Zhao Yun has been featured prominently in Chinese and Japanese popular culture, literature, art and anecdotes. Zhao Yun was already a relatively well-known hero from the Three Kingdoms period, as folktales about his exploits have been passed down through centuries. He became a household name due to the popularity of the 14th-century historical novel Romance of the Three Kingdoms.

===Religion===
Zhao Yun sometimes appears as a door god in Chinese and Taoist temples in Henan, usually in partnership with Ma Chao.

===Folklore===
Zhao Yun is strongly associated with the color white in several Three Kingdoms media, which is a callback to his appearance as stated in Romance of the Three Kingdoms. People can see an interpretation of him in the Summer Palace, which has a famous painting of his heroics at Changban. White is linked to several positive traits within various fictional mediums, including honesty, virtue, purity and so on. One other reason for Zhao Yun being linked with the color may be due to a myth regarding the horse the general favored. A quick steed in its own right, it is fabled to run one thousand leagues during the day and five hundred leagues at night. The horse's name is supposedly the "White Dragon Horse" (白龍駒, Bailongju).

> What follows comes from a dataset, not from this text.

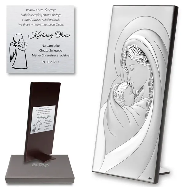 Przedstawiamy Państwu srebrny obrazek przedstawiający Matkę Bożą z Dzieciątkiem. Jest to obrazek prostokątny, pokryty całościowo srebrem i umieszczony na drewnianej płytce. Do obrazka jest dołączona podpórka, dzięki której obrazek możemy postawić. A jeżeli wolisz, obrazek możemy także powiesić na ścianie.Wysokiej Jakości Obrazek na Wyjątkowe Chwile

Another strong image for Zhao Yun in various Three Kingdoms fiction is the idea of him wielding a spear, often said to be a long spear. Its name is roughly translated as "Shore Edge Spear" (涯角槍, Yajiaoqiang) in legends and it allegedly makes an unnamed appearance in the Sanguozhi Pinghua. The weapon's revered namesake means that it "[has] none surpassing it, even in the heavenly sea of stars". Measuring in at a length of nine chi (approximately three meters or ten feet in modern conversions), Zhao Yun is said to have wielded it with magnificent skill. If one is to believe the tales, Zhao Yun used the same spear to defeat Zhang Fei in a duel. At times, Zhao Yun is associated with one of Cao Cao's twin swords from Romance of the Three Kingdoms. In this tale, he killed Xiahou En while rescuing A Dou from peril.

There is a Chinese folktale about Zhao Yun's death which is not mentioned in the 14th-century novel Romance of the Three Kingdoms. In this story, Zhao Yun had never been wounded in battle before so there were no scars on his body. One day, while he was taking a bath, his wife pricked him with a sewing needle out of mischief. Zhao Yun began to bleed profusely and eventually died of shock.

===Film and television===
The 2008 Hong Kong film Three Kingdoms: Resurrection of the Dragon is loosely based on stories related to Zhao Yun in the historical novel Romance of the Three Kingdoms. It was directed by Daniel Lee and starred Hong Kong actor Andy Lau as "Zhao Zilong". Mainland Chinese actor Hu Jun portrayed Zhao Yun in John Woo's Red Cliff, a two-part epic war film based on the Battle of Red Cliffs.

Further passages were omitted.